State Representative Mark Rozzi, 47, said he has fought for years to give people who say they were sexually assaulted as children more time to report such crimes to police in Pennsylvania, one of 14 US states considering Bills to extend the statute of limitations for such offences.

"We are going to get what the victims want," Mr Rozzi said in a telephone interview, a day after a grand jury found that 301 priests had sexually abused about 1,000 children over the past 70 years in Pennsylvania.

"You either support victims or you support paedophiles," he said.

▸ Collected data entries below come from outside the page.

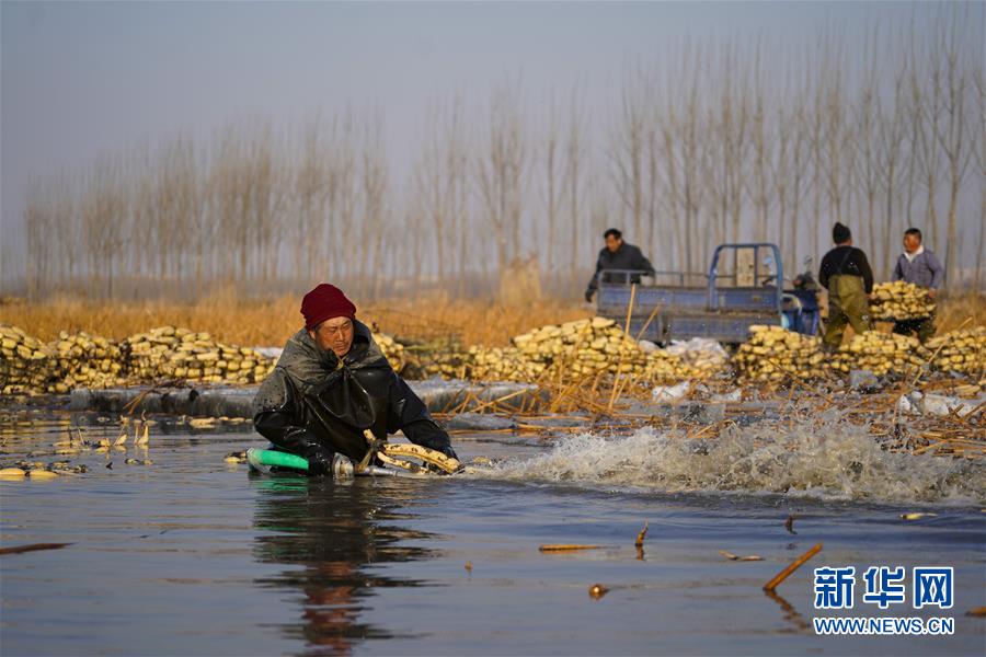 寒冬時(shí)節(jié),白洋淀里依然活躍著不少挖藕人,他們身穿橡膠工作服,在冰冷的水中辛勤工作。
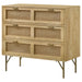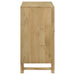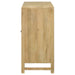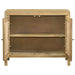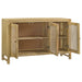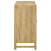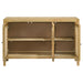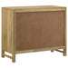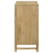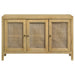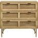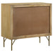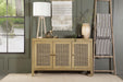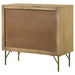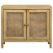 Place this transitional accent cabinet in a space to store and organize all your essentials, keeping them out of sight. Designed with an eco-friendly mango wood in a natural tone, this accent cabinet lends a global-inspired vibe that works with lots of color palettes. Each cabinet door features a woven cane panels that push a retro-inspired flair to the furniture piece. Adorning each cabinet door is an antique brass finish hardware for a light accent. Clean lines extend to block style feet, offering some elevation, as rounded edges create a softness.
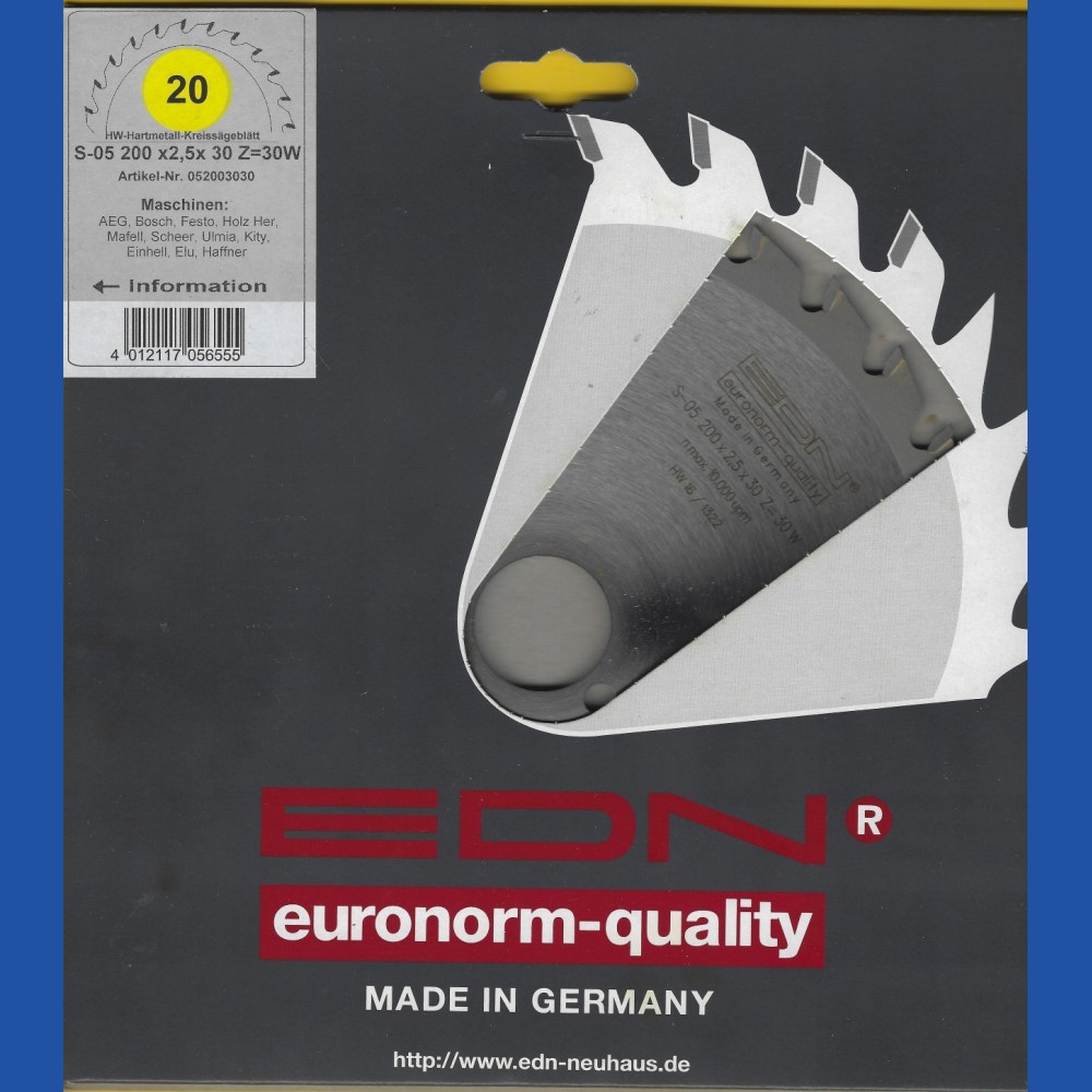 Die Ernst D. Neuhaus GmbH & Co. KG ist ein im Wuppertaler Stadtteil Cronenberg ansässiges Traditionsunternehmen, dessen Focus auf der Produktion hochwertiger Hartmetall-bestückter Kreissägeblätter für den gewerblichen Bereich liegt. Die Marke EDN steht konsequent für Qualität "Made in Germany". Aus einem kleinen Restposten kann ich Ihnen eine Reihe von Sägeblättern dieses Herstellers günstig anbieten! Außerdem nehme ich nach der Schließung von H.O. Schumacher+Sohn jetzt auch diverse Kreissägeblätter in mein reguläres Sortiment auf, liefern kann ich auf Anfrage das Gesamtprogramm (Katalog ohne Preise als PDF-Datei).

The grand jury report was the latest revelation in a scandal that has rocked the Catholic Church since the Boston Globe in 2002 reported that priests had preyed on young boys and girls and that church leaders had covered it up.

LIMITATIONS

A statute of limitations is a law requiring that prosecutors bring a criminal case within a certain time frame.

The advocacy group Child USA said such statutes can block justice as children may not realise they were victims of sex crimes for decades.

Ms Amy Hill, a spokesman for the Pennsylvania Catholic Conference, the bishops' political arm in the state, declined to say whether bishops supported or opposed eliminating statutes of limitations.

"The time to discuss legislation will come later," she said.

"Our focus now is on improving ways that survivors and their families can recover."

In the past, the group had spoken out against the idea.

The national bishops' conference did not respond to a request for comment.

Some 41 states have eliminated statutes of limitations for criminally prosecuting child sex abuse.

Earlier this year, Michigan and Hawaii passed laws giving victims more time to report sexual assaults on children.

State legislators are ready to take up Mr Rozzi's Bill eliminating the limit, said Mr Steve Miskin, a spokesman for Pennsylvania House Majority Leader Representative Dave Reed.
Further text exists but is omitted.